PDF(Pubmed)
Abstract:
Caudal regression syndrome (CRS) is a rare genetic disorder affecting less than 0.1%-0.5% of newborns that manifests as the total or partial absence of lower vertebral structures including the sacral spine. The etiology of CRS remains elusive, but there is compelling evidence supporting a genetic predisposition and a correlation with maternal diabetes.
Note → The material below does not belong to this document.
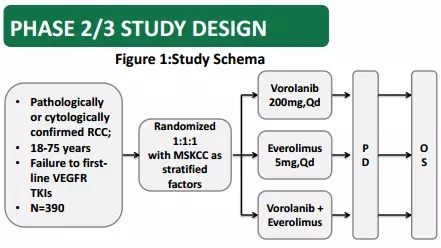 基于上述结果,2017年初由郭军教授牵头国内三十余家泌尿肿瘤中心研究中心,启动了Vorolanib联合依维莫司与单药Vorolanib、以及单药依维莫司用于晚期肾癌二线治疗的随机对双盲双模拟平行对照的Ⅲ期临床研究,研究简称为CONCEPT研究,主要入组标准为既往接受过一线抗血管靶向药物的晚期肾癌患者,根据MSKCC评分随机接受Vorolanib联合依维莫司与单药Vorolanib、以及单药依维莫司治疗,计划入组390例,截至2018年5月,全国已经入组50%受试者。

This study presents the case of a 7-year-old girl exhibiting symptoms consistent with CRS including lower limb deficits, abnormal gait, urinary incontinence, and scoliosis. The findings from an MRI scan revealed notable anomalies such as hemivertebra in the dorsal spine, renal deformities, and the absence of secondary neurulation elements in the spine. We chose to delay the hemivertebra surgery because the scoliosis was not highly pronounced. Rather, we directed the child to the urology department for the management of her kidney deformities. This case contributes to the understanding of CRS and underscores the importance of comprehensive diagnostic approaches in elucidating its complex manifestations.
摘要:
尾骨回归综合征(CRS)是一种罕见的遗传性疾病,影响不到0.1%-0.5%的新生儿,表现为完全或部分缺乏包括骶骨脊柱在内的下部椎骨结构。CRS的病因仍然难以捉摸,但是有令人信服的证据支持遗传易感性和与母亲糖尿病的相关性。这项研究提出了一个7岁的女孩表现出与CRS一致的症状,包括下肢缺陷,步态异常,尿失禁,和脊柱侧弯.MRI扫描的发现显示出明显的异常,例如背侧脊柱的半椎骨,肾畸形,脊柱中没有二次神经形成元素。我们选择推迟半椎骨手术,因为脊柱侧弯并不明显。相反,我们把孩子送到泌尿科治疗她的肾脏畸形。这种情况有助于理解CRS,并强调了全面诊断方法在阐明其复杂表现方面的重要性。